I'm half single.
Please tell me it's the bottom half.
Oh. My. God. Best non-relationship, he-might-be-cheating-on-his-boyfriend-but-I-can't-tell-because-of-the-language-barrier sex EVER!
I just realized that if I marry him I will have the same last name as spiderman. this makes my decision so much harder.
can i drink enough to forget this semester even happened?
We had to coat check the pizza.
Chugged a beer while being walked to the bathroom by campus police to pour the beers out.
We just set the fire alarm off with a fog machine. What's my first instinct? Finish my drink. I think I handled that correctly.
I'm drinking wine alone, eating leftovers, and cleaning my sex toys. For the love of god, do not graduate.
I'm sorry I peed on your everything.
All I am going to say is this: I woke up with lots of bruises on my knees from running around on all fours being a 'dinosaur'. Either girls night in went terribly wrong or terribly right.
So we stayed at his mom's and all got drunk and he and I hooked up in his old bedroom.

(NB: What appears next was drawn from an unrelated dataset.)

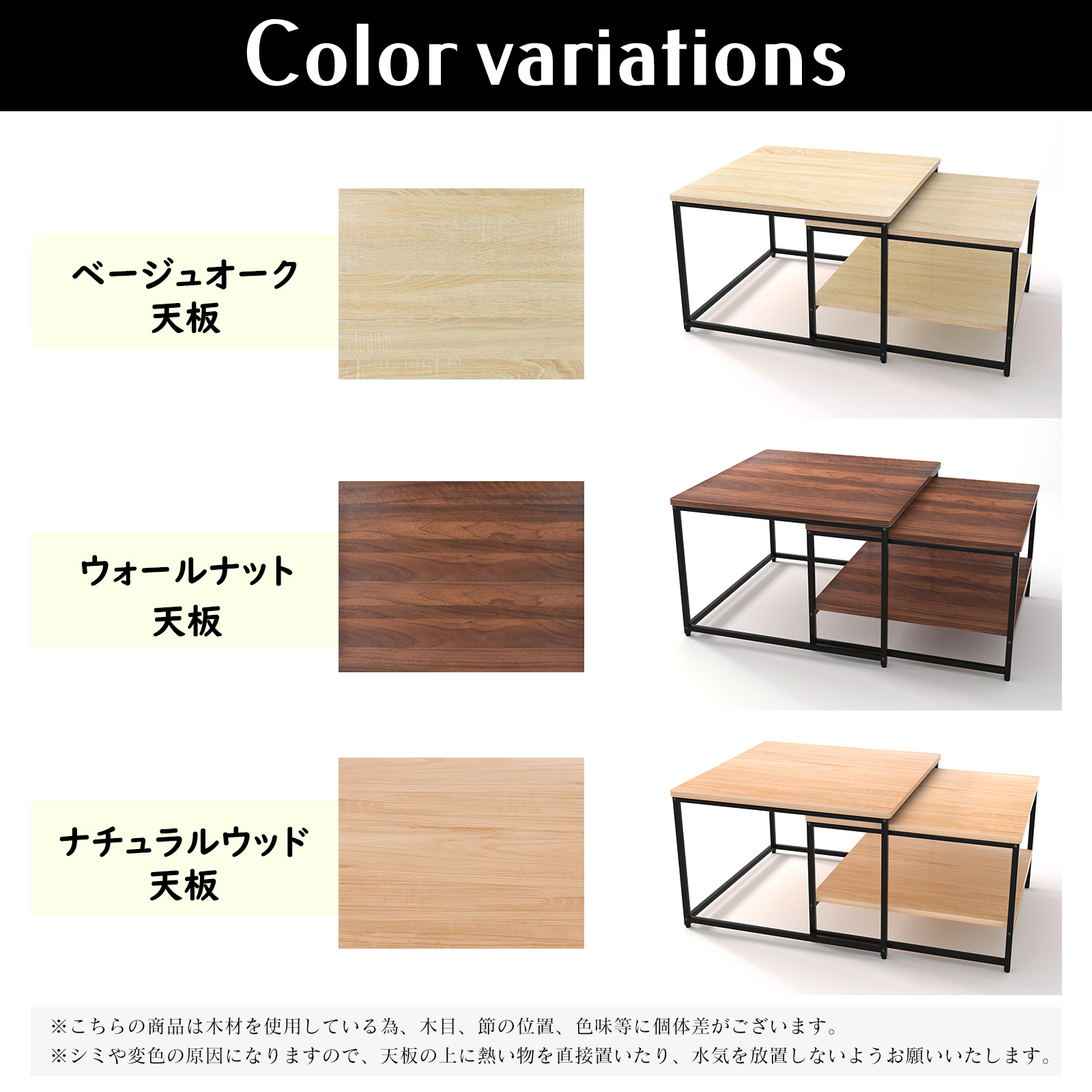天板カラー:ベージュオーク、ウォールナット、ナチュラルウッド

Then his drunk mom came in and tackled us when we were still naked. Why does this keep happening to me?
Hopefully they won't bring up last year's Christmas party. I kind of predicted my great aunt's death...
That's how pantless uber rides happen
He's watching Always Sunny and eating refried beans straight from the can.
I'm sorry for peeing on you last night. Will cookies make up for it?